Brazil, Mexico, and the EU have previously criticized U.S. sanctions as counterproductive, arguing they harm ordinary Cubans rather than the government. In a May 15 statement, the Mexican Foreign Ministry called for a dialogue-based approach to address Cuba’s economic challenges without further isolating its people.
The EU, which maintains limited trade ties with Cuba, has not yet commented on the new sanctions, but diplomats suggest Brussels may monitor the situation closely to avoid unintended consequences for European businesses.
For Cubans, the immediate future hinges on two factors: whether remittance channels remain stable and how the government responds to the sanctions. If the U.S. escalates enforcement—such as by targeting specific banks or financial institutions—the economic strain on Cubans could worsen. Conversely, if the government finds alternative funding sources or negotiates exemptions, the impact may be mitigated.
One certainty is that the information blackout will persist. As long as state media suppresses details and independent reporting remains constrained, Cubans will rely on word-of-mouth and digital whispers to understand how the sanctions are reshaping their daily lives. For now, the wait for clarity—and for any potential breakthrough—continues.

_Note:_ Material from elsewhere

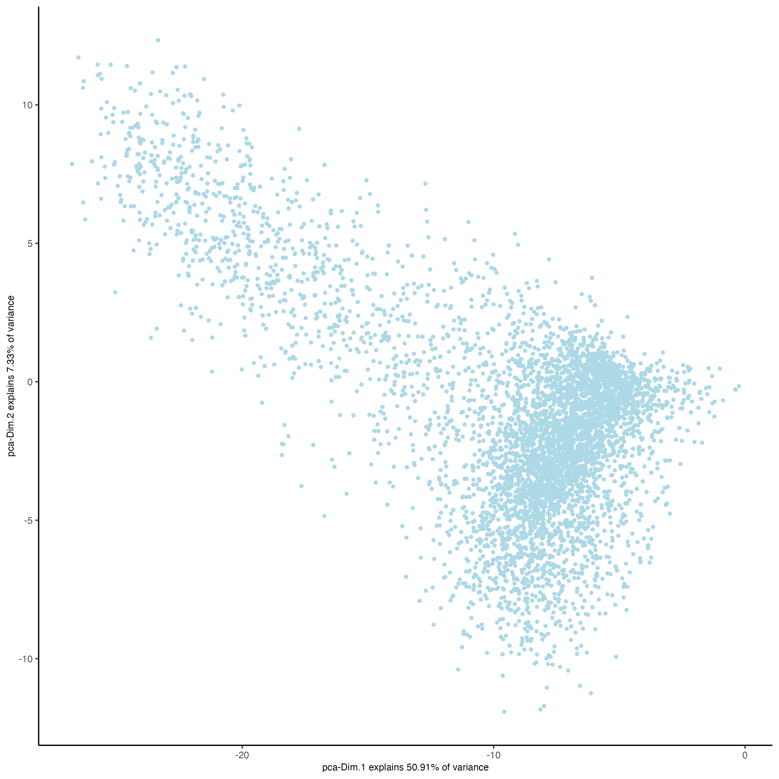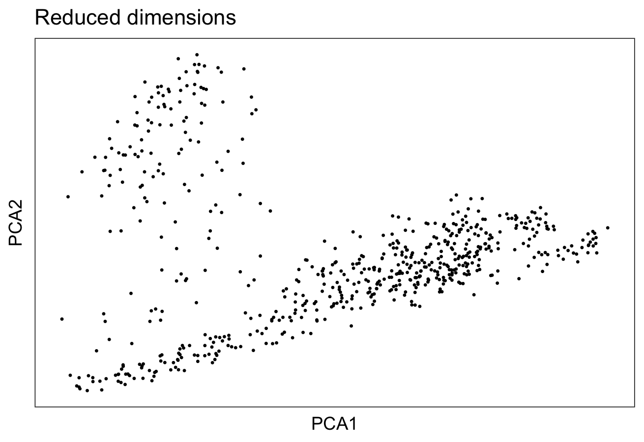 Now we apply dimensionality reduction methods to visualize the data and to generate inputs for further downstream analyses. For this purpose, we use the runPCA method to compute the top principal components and then finally plot the top two components.
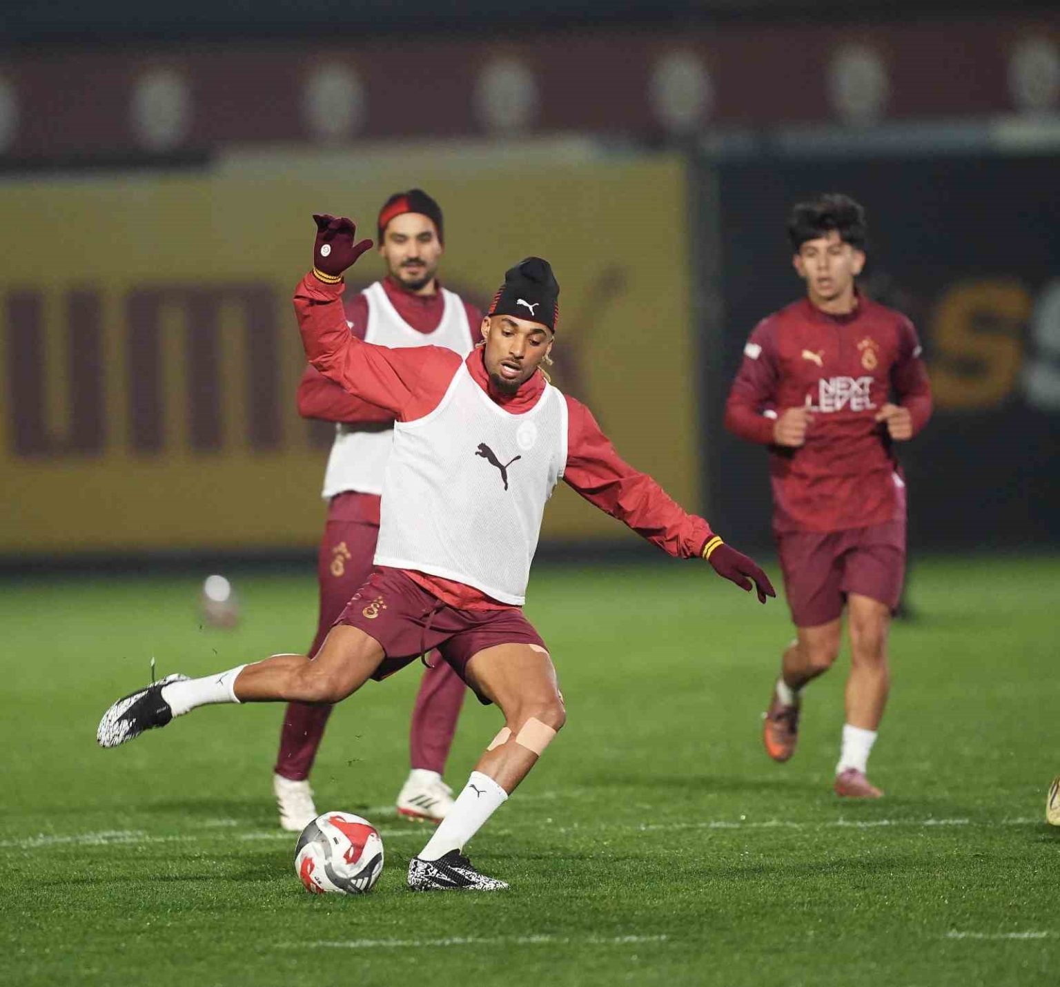 Kemerburgaz Metin Oktay Tesisleri’nde salonda ısınmayla başlayan idman, sahada iki grup halinde 8’e 2 pas çalışmasıyla devam etti. Teknik Direktör Okan Buruk yönetimindeki antrenman, topa sahip olma çalışmasının ardından çift kale maçla sona erdi.

Why This Matters Beyond Cuba’s Borders
The U.S. sanctions expansion is not just about Cuba. It signals a broader shift in Washington’s approach to Latin American policy under Trump’s second term, which has prioritized a hardline stance on Venezuela, Nicaragua, and now Cuba. The move aligns with a regional strategy to counter what the administration frames as authoritarian influence
in the hemisphere.
For the EU and other Western allies, the sanctions raise questions about extraterritorial enforcement and the risk of collateral damage to civilian economies. The case of Cuba—where the military controls key sectors—highlights the dilemma: sanctions may weaken repressive regimes but often leave their populations bearing the brunt.
As the policy takes deeper root, the world will watch whether the U.S. can achieve its stated goals without deepening Cuba’s economic crisis—or whether, as critics argue, the measures will only push the island further into isolation, with Cubans paying the price.